Numerical signal processing approaches are utilized in genomic analysis as genomic signal processing. Generally, information entropy indicates a system status and predicting exon region by just a feature of entropy is a very challenging task. Therefore, we integrated optimized topological entropy and GSP method to calculate complexity of DNA sequences, investigated their application on exon and intron prediction in DNA sequences. We used the same gene which Das and Turkoglu used in their numerical mapping method to predict exons [31]. Their method has higher prediction accuracy than ours since they calculated the entropy based on repetition property of 64 types of codons. Our result is still reasonable since no prior knowledge is used and the prediction only depends on the sequence. That also implies our method to digitalize DNA sequences based on modified generalized entropy is extendable to other element prediction on single sequence or multiple sequences.

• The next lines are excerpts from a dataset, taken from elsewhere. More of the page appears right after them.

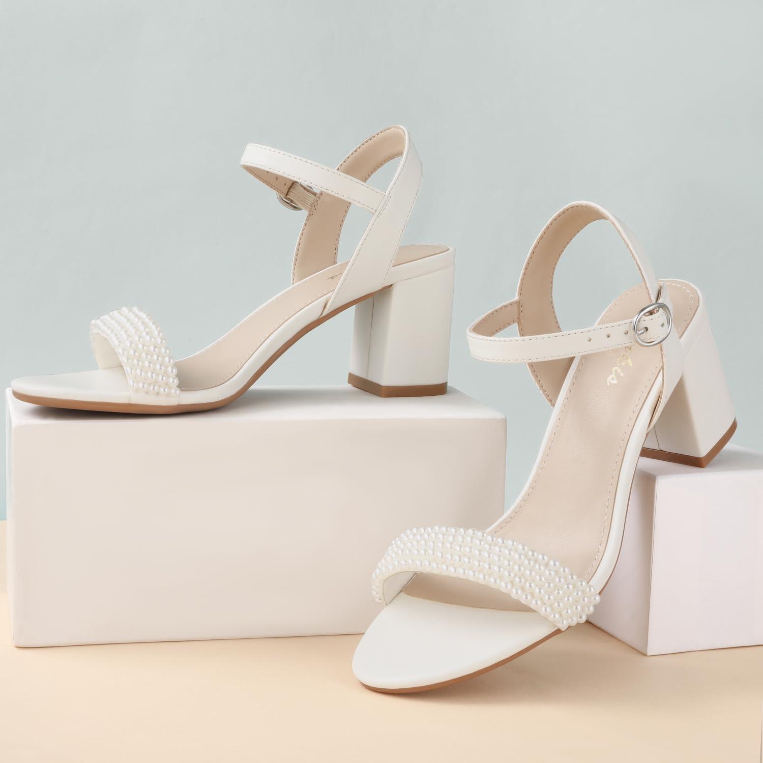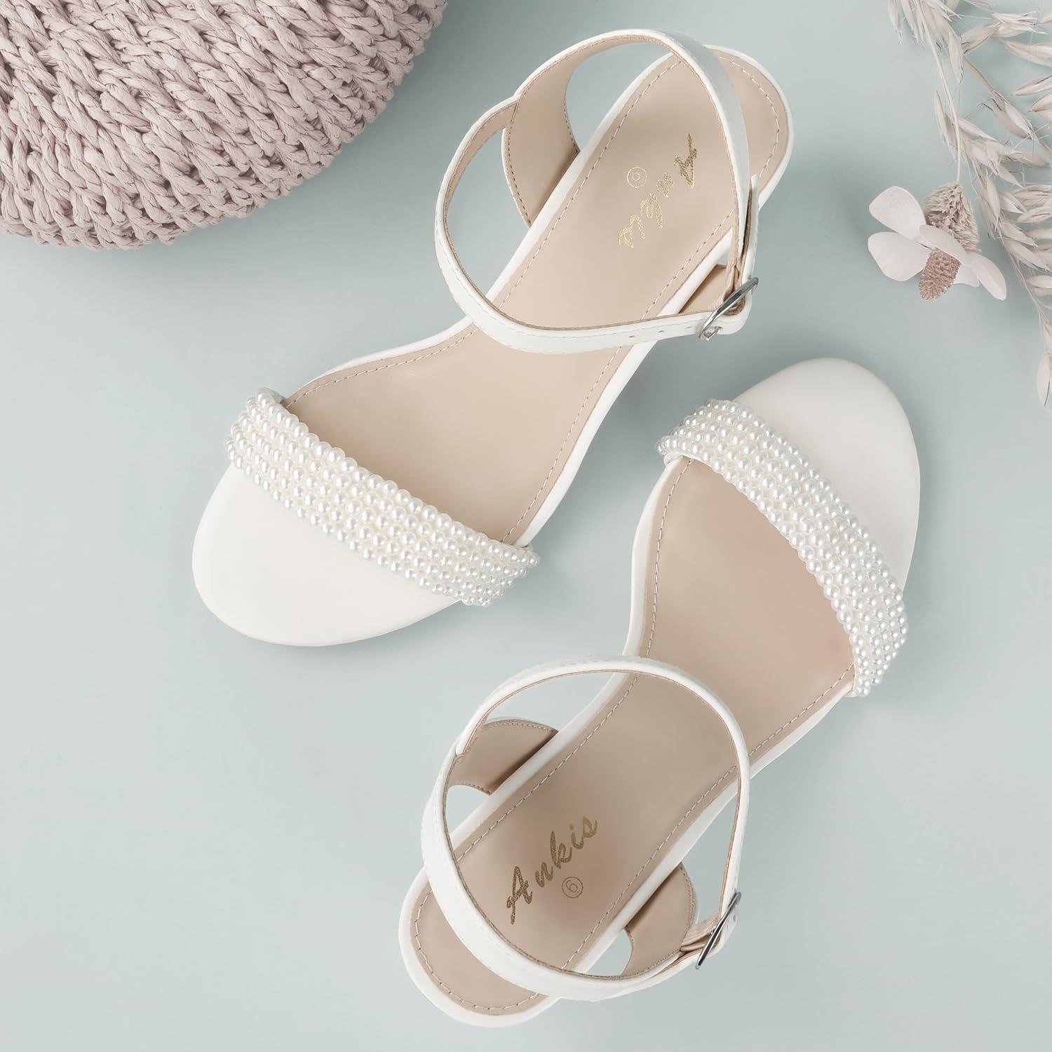 imageAnkis Nude Black Heels 25 Block Chunky White Clear Silver Heel Dressy Open Toe Heels For Women Ankle Strap Low Short Thick Strappy Dress Comfortable Sandal Casual Party Wedding Event Summer ShoesWhite Pearl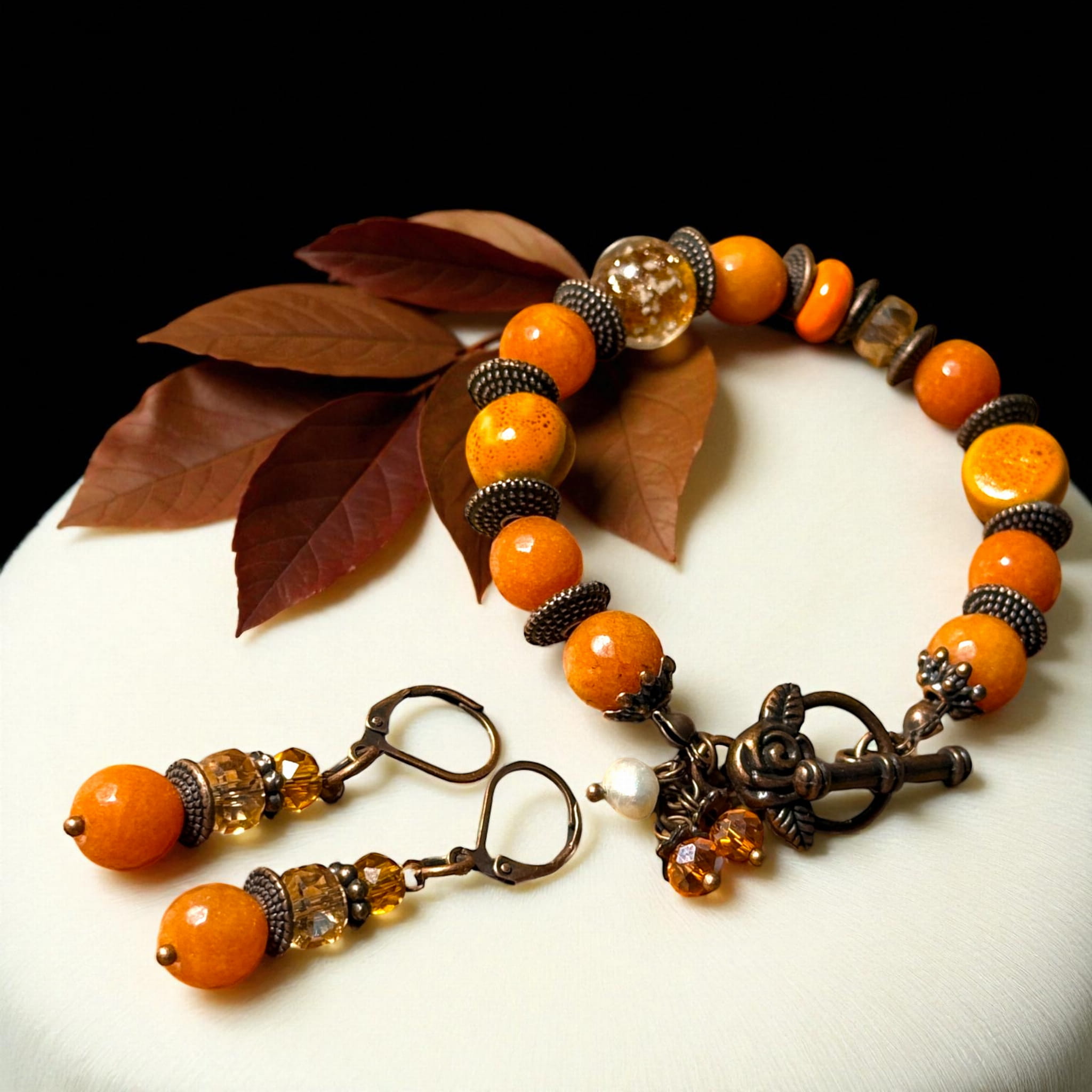 Bransoletka w odcieniach zgaszonej pomarańczy z naturalnego kamienia łączonego z ceramiką. Dodane elementy miedziane. Do kompletu znajdziesz również kolczyki. Jest to biżuteria autorska, wykonana ręcznie. Możliwe drobne różnice wynikające z naturalnych materiałów.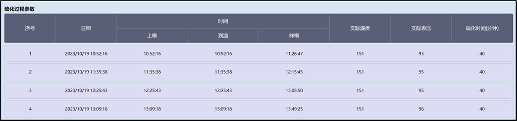 項目實施后,所有設備運行狀態實時監控與采集,硫化參數一鍵下發,準確便捷,減少員工的工作量,提升工作效率;對于超出限定溫度或壓力的設備,進行報警提示,并可按照不同的時間段分析設備運行狀態信息,尋求可優化的生產環節,避免資源閑置、浪費,提高生產率。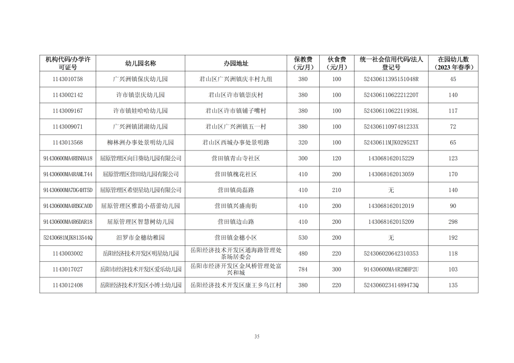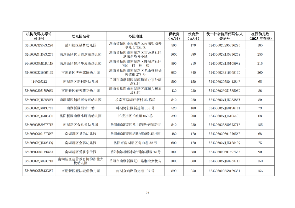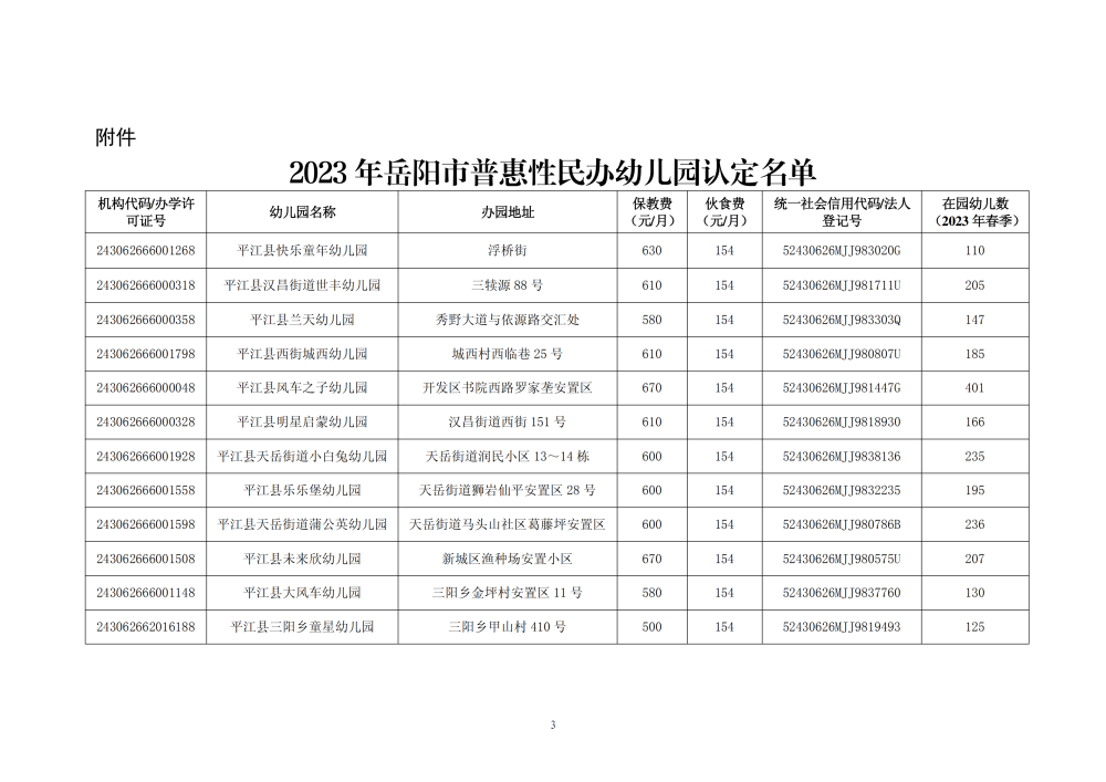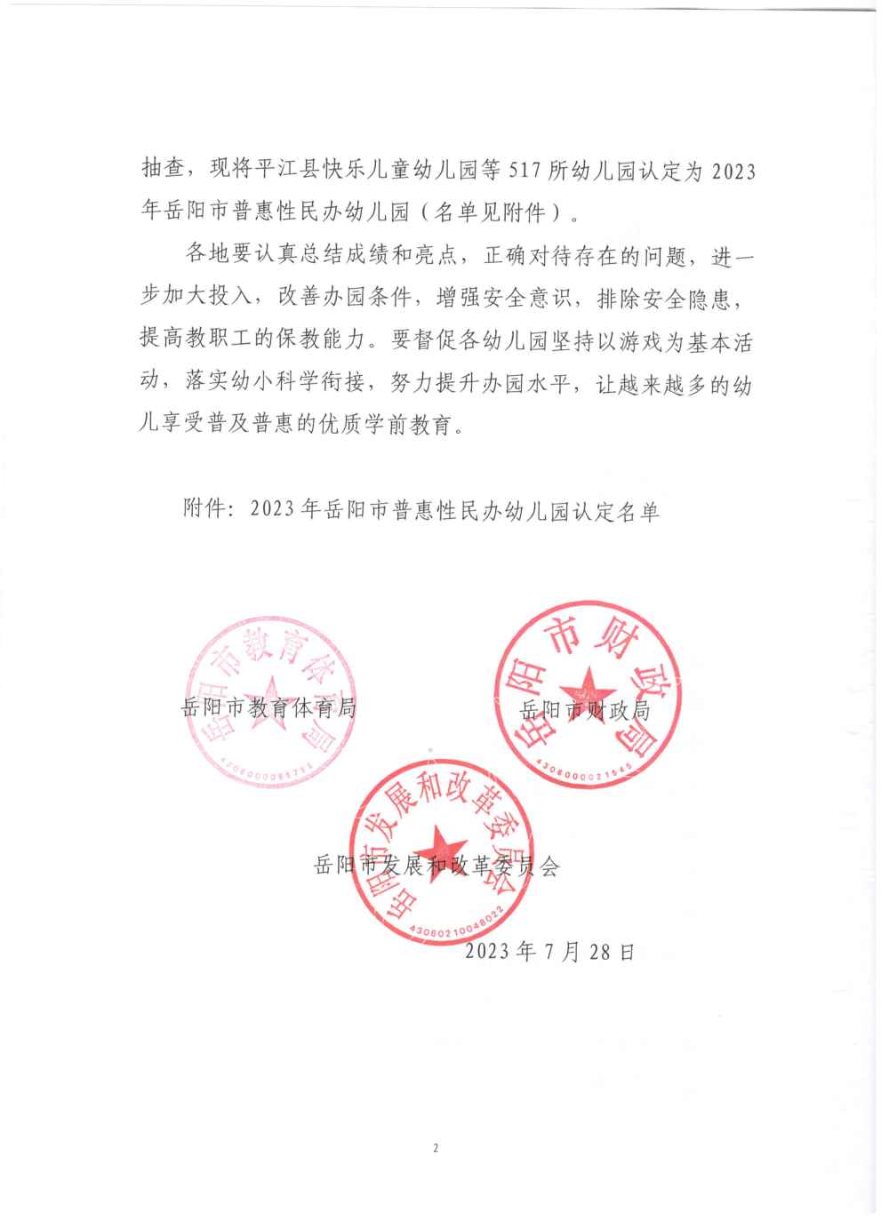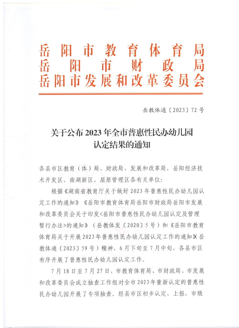 岳阳市教育体育局 岳阳市财政局 岳阳市发展和改革委员会 关于公布2023年全市普惠性民办幼儿园认定结果的通知(岳教体通〔2023〕72号)

To analyze the digitalized DNA sequence, we employed SVD approach in our study. For our case, Uk×r in Eq. 4 refers to the highly related entropy calculation modes for different k and \(V_{r\times p}^{T}\) represents a series of highly associated nucleotide positions. By using SVD method, correlation information on DNA sequence is investigated and the biological meaning is straightforward. In the future, we will include other methods in this integrated entropy-based GSP approach to improve the result of exon prediction and ROC curve for more species.

Conclusions

In conclusion, our exon and intron prediction method, which is based on entropy calculation and genomic signal processing, analyzes complexity of exons and introns and is able to distinguish the exon and intron regions across different species. Our research optimizes the existing topological and generalized topological entropy calculation. This integrated approach is extendable to exon and other functional element prediction on the large-scale genome data.